Pinto Iron Ore Mining’s Australian mine will produce 85 million pounds of iron ore one year from now if economic conditions are favorable. Pinto’s Manager forecasts two possible outcomes for the iron ore prices then: \$0.60 per pound if demand is low and \$1.20 per pound if demand is high. The year 1 forward price is currently \$0.70, implying that a forward contract has a negative future cash flow of - \$0.10 per pound next year if demand is low and a positive future cash flow of \$0.40 per pound if demand is high. The risk free one year interest rate is 4 percent. The extraction costs are \$0.90 per pound; hence if demand turns out to be low, the firm will shut down the time. What is the value of the mine?
Year 0 Year 1

VALUE ?

Scenario 1
Cash flow = \$0

Scenario 2
Cash flow = \$25.5 million
= 85,000,000 (\$1.20 – 0.90)

Scenario 1 (low iron ore price = \$0.60 / pound): Here the iron ore mine will shut down and be worth zero.

x (\$0.60 – \$0.70) + y (1.04) = \$0

X = pounds of copper purchased forward
Y = dollars invested in zero-coupon bonds today that matures in one year

Scenario 2 (high iron ore price = \$1.20 per pound): In this scenario, the iron ore min will be profitable. It will earn \$0.30 per pound of iron ore mined and hence it can pay to produce at maximum capacity.
The cash flow in this scenario is \$25.5 million = 85,000,000 (\$1.20 – 0.90).

The same equation that the same tracking portfolio also yields \$8,500,000 if iron ore prices are high is

x (\$1.20 – 0.70) + y (1.04) = \$ 25,500,000

Simultaneously solving the equations for scenarios 1 and 2 gives the tracking portfolio
x = 42,500,000 pounds of iron ore received from a one-year forward contract
y = \$ 40,86,538 invested in zero-coupon bonds.

The value of this tracking portfolio is \$40,86,538. Thus, the iron ore mine must also have a value of \$ 40,86,538.

Problem 3

Leverage Effect: A case where leverage increases the price/earning ratio.

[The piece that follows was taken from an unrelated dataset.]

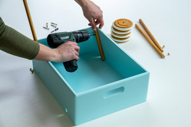 jejího dna a směrovala do přilehlého rohu. Stejným způsobem rukojeť přišroubujte i z druhé strany. Pak přimontujte kolečka. První z nich upevněte na konec spojnicové tyče. Tu pak provlékněte připravenými otvory v bedýnce a přišroubujte druhé kolečko. Postup opakujte i se dvěma zbylými kolečky.

Reference: Example 12.9, Page. 447

Assume that Cordell Machinery issues \$100 million in debt at the beginning of the fiscal year at a rate of 4 %, and equity is decreased by the same amount through a repurchase of 10 million shares at \$ 10 each ( assume that market value equals book value). Note that no taxes and thus no response in stock price per share to increase in leverage. How does the debt issue affect the company? How an increase in leverage can affect Cordell Machinery’s price/earnings ratio.

Answer: As a result of debt issuance, resulting in a \$100 million increase in liabilities and a \$100 million decrease in equity. Here is the expected performance of Cordell in the following year:

Assets \$800,000,000
Liabilities \$300,000,000
Equity \$500,000,000

Number of share outstanding 50,000,000

Equity per share \$10 = 500,000,000 / 50,000,000

Expected net income = 16,000,000
= \$20,000,000 – (100,000,000) (.04)

Expected EPS \$.32 = 16,000,000 / 50,000,000

P/NI 31.25 = \$10 / \$.32

ROE 3.2% = NI / P = \$16,000,000 / \$500,000,000

Test Questions Reviewed

Question 1

A U. S jewelry importer will buy 2000 watches from a Swiss manufacturer at the end of next year. Each watch is currently priced at 652 Swiss francs. The current exchange rate for Swiss francs is: one Swiss franc is worth 0.85 USD. If inflation is Switzerland totals 3% over the next year that watches will then each sell for an appropriately greater number of Swiss franc. If over the next year the U.S. experiences no inflation and real exchange rate for Swiss francs remains unchanged, how many U.S dollars can importer expert to pay to the nearest dollar?

Formula = (number of watches x price in Swiss francs ) x exchange rate for Swiss francs

Answer is 1108400 = 2000x 652 x .85

Question 2

An electronic company that uses a substantial quantity of gold entered a forward contract for the gold it is about to use one year ago when gold sold at \$630 per ounce with an agreed forward price of \$621 per ounce. Presently the price of gold in the spot market is \$ 917 and the company needs to determine the appropriate price to use in estimating its costs and setting its product selling price. What price should it use?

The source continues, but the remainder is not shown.